Computerworld

The super information super highway

Some days, it's easy to forget the power of the internet

Was anyone else surprised to learn that BBC TV presenters with “significant brain injuries” aren’t too dissimilar from TV presenters that don’t have such damage?

I must say I am glad that Richard Hammond is on the road to recovery and oddly, he’s breaking speed limits in this process as well.

When news broke that Top Gear’s favourite Hamster had crashed at 300 mph, I had several people contact me for information. I write the odd car review for the New Zealand Top Gear magazine but Richard and I hardly hang out together. In fact I, like everyone else, used Google and hunted out the news stories.

Initially the best source was the BBC. However, someone at Beeb Online decided to update the story within the original URL without writing UPDATE or NEW or anything useful at the top of the page. I kept looking for new stories only to find all the news was in the original story. It was a long night for the Hamster and his family and a long day hitting refresh here in New Zealand.

In the end I discovered the BBC was being very careful in what it did report. Corporate sensibilities overtaking the newshound, I fear. Instead, I switched to Wikinews, an offshoot of Wikipedia. There I found an avid Top Gear fan who was listening to local radio in the UK and writing down snippets and opinion. For the first day, that sufficed. For the rest of the week I set up a Google news alert. Handy things, news alerts, except it swiftly became apparent that Google looks only at news stories, not columns, and is designed for American readers.
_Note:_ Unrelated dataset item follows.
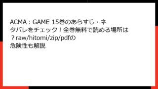 ACMA:GAME ACMA:GAME 15巻のあらすじ・ネタバレをチェック!全巻無料で読める場所は?raw/hitomi/zip/pdfの危険性も解説 ACMA:GAME 15巻:頭脳と心理の極限バトルが加速する中巻のハイライト こんにちは、漫画好きの皆さん! 今日のブログ記事では、恵広史作画・メーブ原作の人気ギャンブルバトル漫画『ACMA:GAME』(アクマゲーム)の第15巻について、詳... 2025.09.17 ACMA:GAME少年マンガ

It didn’t get any of the opinion pieces from the UK dailies on whether Top Gear should carry on or Clarkson’s wonderful column about his mate and the crash and how they’d discussed what to do should one of them die.
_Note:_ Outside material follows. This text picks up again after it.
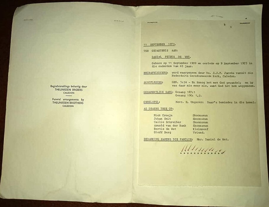 Geneem vanaf Facebook South Africa Funeral Letters/Begrafnisbriewe. Erkenning vir die bydrae aan: Carel Johann de Bruin 18 Oct 2021_67/_68 – Daniël Petrus De Wet 1909-1973

That’s not the only news story I follow online though. The power of the news alert is such that I have kept up with the stupendously strange tale of Corey Maye, a man who was woken by the sound of armed men breaking into his house, who grabbed his handgun (yes, this is in the US) and who shot dead the first guy into the room. Only then did the others mention they were police officers serving a “no knock” warrant. The dead police officer turned out to be the son of the local police chief and one quick trial later, Maye ended up on death row.

Fortunately, an appeal judge has thrown out the sentence, but not the verdict, following much pressure not from the national media in the US but from a number of bloggers who have kept people like myself informed.

Some days, it’s easy to forget the power of the internet. The idea that connecting information dots to create a bigger picture is such a fundamental one (think about the card file index) that it’s easy to forget just what an impact it can have.

For example, Google Earth is being used by archaeologists to pinpoint long lost villages, roads, towns and — yes — topless sunbathers. A decade ago this was science fiction.

This week brings the news that Intel plans to keep adding processors to its hardware, reaching 80-processor PCs within the next five years. That many processors, apart from keeping you toasty and warm, will deliver a trillion floating point operations per second. That’s a terabyte of data moved in a second — in a machine that can sit on your desk.

My own industry has been changed fundamentally by the new technologies and yours won’t be far behind — if it’s behind at all. Office productivity is one thing, but a terabyte of data a second in five years’ time … that’s something else again.